» **WHAT IS REQUIRED**: Please repeat, exactly and without pictures, the lines of the entries below that run from the one containing "Personalize seu escritório" through the one containing "Grafmonumentje op de".

» **PROVIDED RECORDS**:
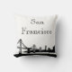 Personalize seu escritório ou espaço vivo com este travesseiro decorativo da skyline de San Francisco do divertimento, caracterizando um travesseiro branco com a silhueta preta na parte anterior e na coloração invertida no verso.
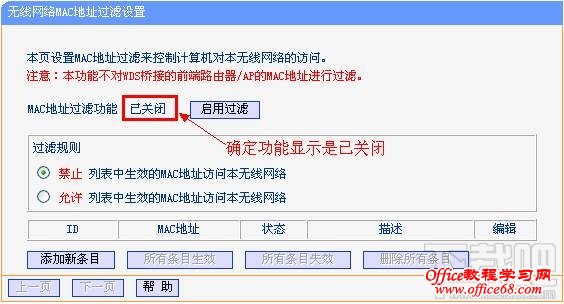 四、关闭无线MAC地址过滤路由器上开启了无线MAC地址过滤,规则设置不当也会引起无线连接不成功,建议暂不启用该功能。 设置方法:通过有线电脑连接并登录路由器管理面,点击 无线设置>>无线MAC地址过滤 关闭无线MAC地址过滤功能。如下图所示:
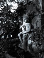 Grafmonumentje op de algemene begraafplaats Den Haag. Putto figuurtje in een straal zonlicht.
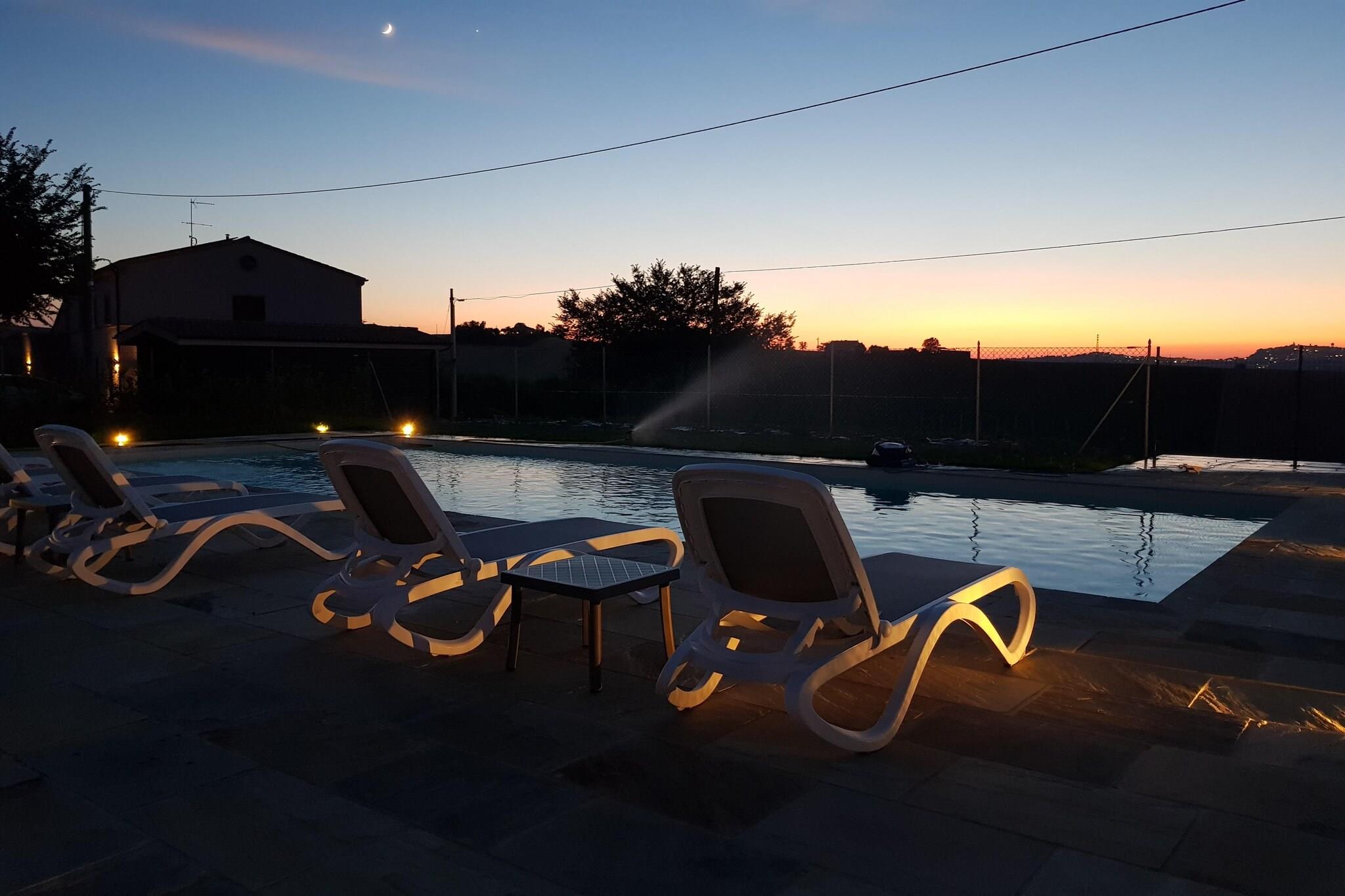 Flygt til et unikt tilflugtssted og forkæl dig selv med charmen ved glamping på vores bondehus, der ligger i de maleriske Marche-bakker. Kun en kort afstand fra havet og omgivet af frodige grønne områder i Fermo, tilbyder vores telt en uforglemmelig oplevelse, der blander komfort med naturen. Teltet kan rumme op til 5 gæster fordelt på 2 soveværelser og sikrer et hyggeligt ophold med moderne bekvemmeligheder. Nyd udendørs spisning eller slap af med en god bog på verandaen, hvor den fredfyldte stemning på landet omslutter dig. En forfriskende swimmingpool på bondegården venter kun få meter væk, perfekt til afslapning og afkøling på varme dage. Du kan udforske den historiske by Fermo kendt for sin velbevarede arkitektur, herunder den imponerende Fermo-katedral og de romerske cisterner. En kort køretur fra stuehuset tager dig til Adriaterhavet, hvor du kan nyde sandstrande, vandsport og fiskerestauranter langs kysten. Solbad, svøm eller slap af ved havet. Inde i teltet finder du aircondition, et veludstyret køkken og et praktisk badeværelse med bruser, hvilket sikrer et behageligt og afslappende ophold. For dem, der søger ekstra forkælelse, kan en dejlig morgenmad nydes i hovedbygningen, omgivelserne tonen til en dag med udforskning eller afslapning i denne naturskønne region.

==

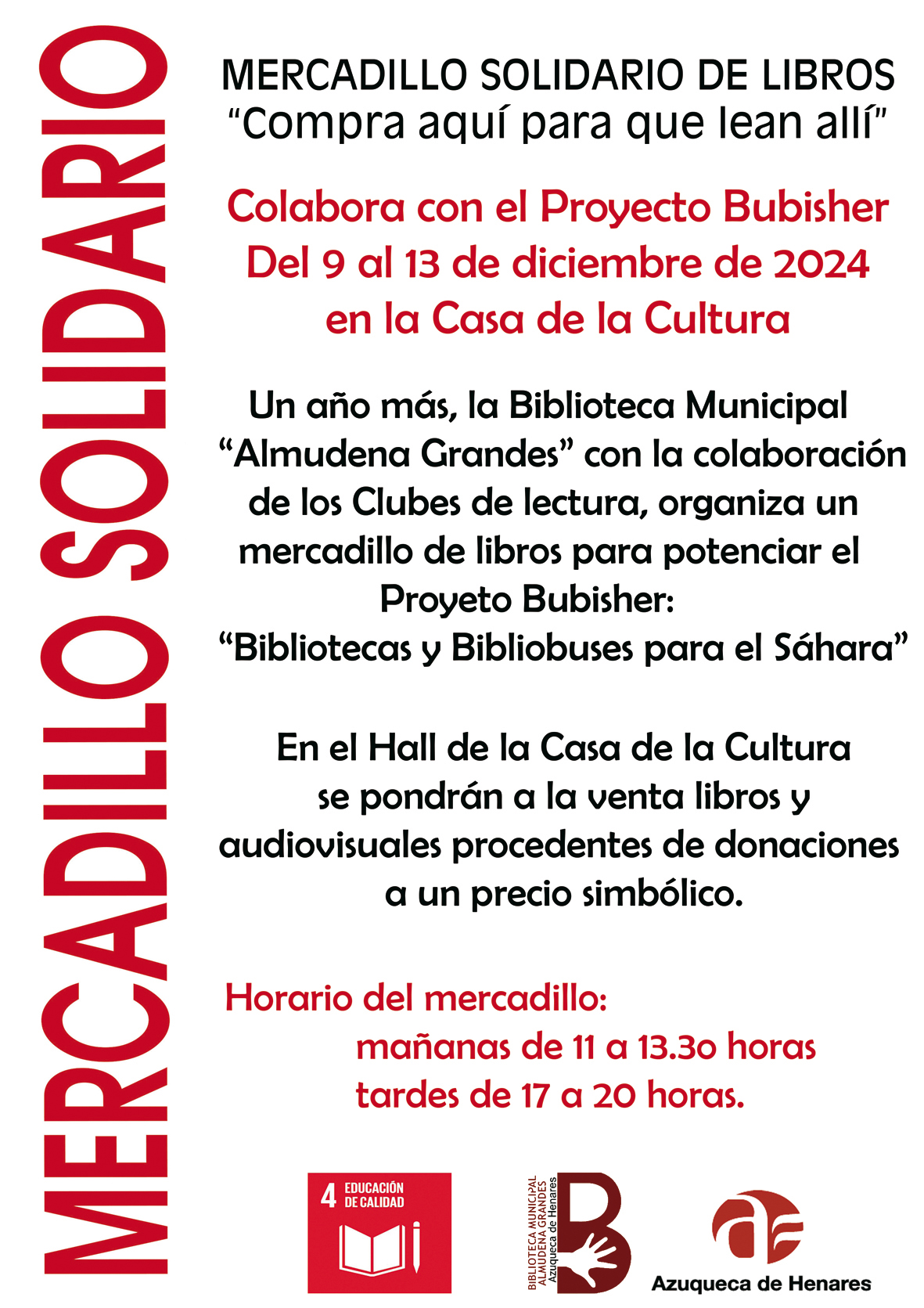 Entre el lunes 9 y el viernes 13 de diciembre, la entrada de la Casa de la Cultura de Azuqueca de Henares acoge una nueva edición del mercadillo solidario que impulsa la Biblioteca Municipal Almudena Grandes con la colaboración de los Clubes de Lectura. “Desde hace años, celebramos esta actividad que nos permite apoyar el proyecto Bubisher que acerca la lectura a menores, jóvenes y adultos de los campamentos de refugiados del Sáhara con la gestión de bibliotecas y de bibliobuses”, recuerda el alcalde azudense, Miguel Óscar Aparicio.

» **EXERCISE ANSWER**:
 Personalize seu escritório ou espaço vivo com este travesseiro decorativo da skyline de San Francisco do divertimento, caracterizando um travesseiro branco com a silhueta preta na parte anterior e na coloração invertida no verso.
 四、关闭无线MAC地址过滤路由器上开启了无线MAC地址过滤,规则设置不当也会引起无线连接不成功,建议暂不启用该功能。 设置方法:通过有线电脑连接并登录路由器管理面,点击 无线设置>>无线MAC地址过滤 关闭无线MAC地址过滤功能。如下图所示:
 Grafmonumentje op de algemene begraafplaats Den Haag. Putto figuurtje in een straal zonlicht.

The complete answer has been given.